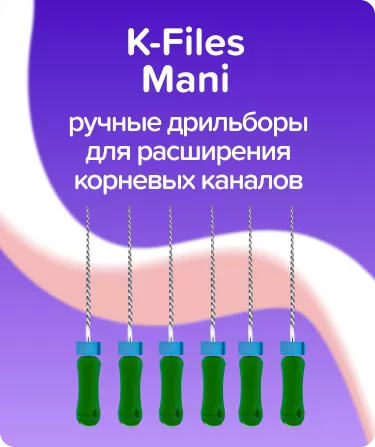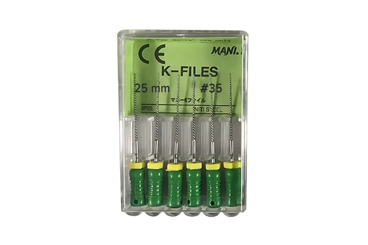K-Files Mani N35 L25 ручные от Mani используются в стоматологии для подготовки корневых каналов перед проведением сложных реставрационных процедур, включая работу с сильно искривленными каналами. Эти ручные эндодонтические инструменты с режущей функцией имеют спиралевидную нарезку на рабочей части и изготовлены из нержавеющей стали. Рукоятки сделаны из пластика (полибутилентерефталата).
* * *
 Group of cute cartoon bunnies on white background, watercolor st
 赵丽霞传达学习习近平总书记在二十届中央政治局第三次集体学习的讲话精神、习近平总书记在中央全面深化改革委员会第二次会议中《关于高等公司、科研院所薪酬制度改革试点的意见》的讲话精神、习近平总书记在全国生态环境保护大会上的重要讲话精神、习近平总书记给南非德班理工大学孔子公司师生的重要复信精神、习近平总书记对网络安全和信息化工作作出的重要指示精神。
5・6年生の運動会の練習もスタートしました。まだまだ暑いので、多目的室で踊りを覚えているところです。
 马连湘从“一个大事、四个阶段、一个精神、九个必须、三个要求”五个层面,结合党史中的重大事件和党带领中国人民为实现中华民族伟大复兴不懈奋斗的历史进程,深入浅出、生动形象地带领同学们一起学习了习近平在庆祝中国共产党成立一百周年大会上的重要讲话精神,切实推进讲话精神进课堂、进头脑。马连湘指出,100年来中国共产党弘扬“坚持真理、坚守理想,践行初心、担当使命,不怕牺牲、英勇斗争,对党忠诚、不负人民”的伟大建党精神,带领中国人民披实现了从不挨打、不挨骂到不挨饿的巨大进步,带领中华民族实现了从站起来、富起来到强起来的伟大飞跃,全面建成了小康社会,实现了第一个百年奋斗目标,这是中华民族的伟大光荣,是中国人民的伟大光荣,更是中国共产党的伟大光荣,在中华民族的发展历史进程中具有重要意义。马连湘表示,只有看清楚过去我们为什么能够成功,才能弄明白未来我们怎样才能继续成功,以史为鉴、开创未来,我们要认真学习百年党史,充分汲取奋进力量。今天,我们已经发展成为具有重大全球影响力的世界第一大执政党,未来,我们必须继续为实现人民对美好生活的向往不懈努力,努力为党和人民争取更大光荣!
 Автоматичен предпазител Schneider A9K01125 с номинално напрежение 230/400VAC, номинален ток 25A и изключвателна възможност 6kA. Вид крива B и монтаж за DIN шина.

▶ [EXERCISE DIRECTIONS]: Quote the listing above, but only from the line that shows "Group of cute" through the line that shows "Автоматичен предпазител Schneider".

▶ [SOLUTION]:
 Group of cute cartoon bunnies on white background, watercolor st
 赵丽霞传达学习习近平总书记在二十届中央政治局第三次集体学习的讲话精神、习近平总书记在中央全面深化改革委员会第二次会议中《关于高等公司、科研院所薪酬制度改革试点的意见》的讲话精神、习近平总书记在全国生态环境保护大会上的重要讲话精神、习近平总书记给南非德班理工大学孔子公司师生的重要复信精神、习近平总书记对网络安全和信息化工作作出的重要指示精神。
5・6年生の運動会の練習もスタートしました。まだまだ暑いので、多目的室で踊りを覚えているところです。
 马连湘从“一个大事、四个阶段、一个精神、九个必须、三个要求”五个层面,结合党史中的重大事件和党带领中国人民为实现中华民族伟大复兴不懈奋斗的历史进程,深入浅出、生动形象地带领同学们一起学习了习近平在庆祝中国共产党成立一百周年大会上的重要讲话精神,切实推进讲话精神进课堂、进头脑。马连湘指出,100年来中国共产党弘扬“坚持真理、坚守理想,践行初心、担当使命,不怕牺牲、英勇斗争,对党忠诚、不负人民”的伟大建党精神,带领中国人民披实现了从不挨打、不挨骂到不挨饿的巨大进步,带领中华民族实现了从站起来、富起来到强起来的伟大飞跃,全面建成了小康社会,实现了第一个百年奋斗目标,这是中华民族的伟大光荣,是中国人民的伟大光荣,更是中国共产党的伟大光荣,在中华民族的发展历史进程中具有重要意义。马连湘表示,只有看清楚过去我们为什么能够成功,才能弄明白未来我们怎样才能继续成功,以史为鉴、开创未来,我们要认真学习百年党史,充分汲取奋进力量。今天,我们已经发展成为具有重大全球影响力的世界第一大执政党,未来,我们必须继续为实现人民对美好生活的向往不懈努力,努力为党和人民争取更大光荣!
 Автоматичен предпазител Schneider A9K01125 с номинално напрежение 230/400VAC, номинален ток 25A и изключвателна възможност 6kA. Вид крива B и монтаж за DIN шина.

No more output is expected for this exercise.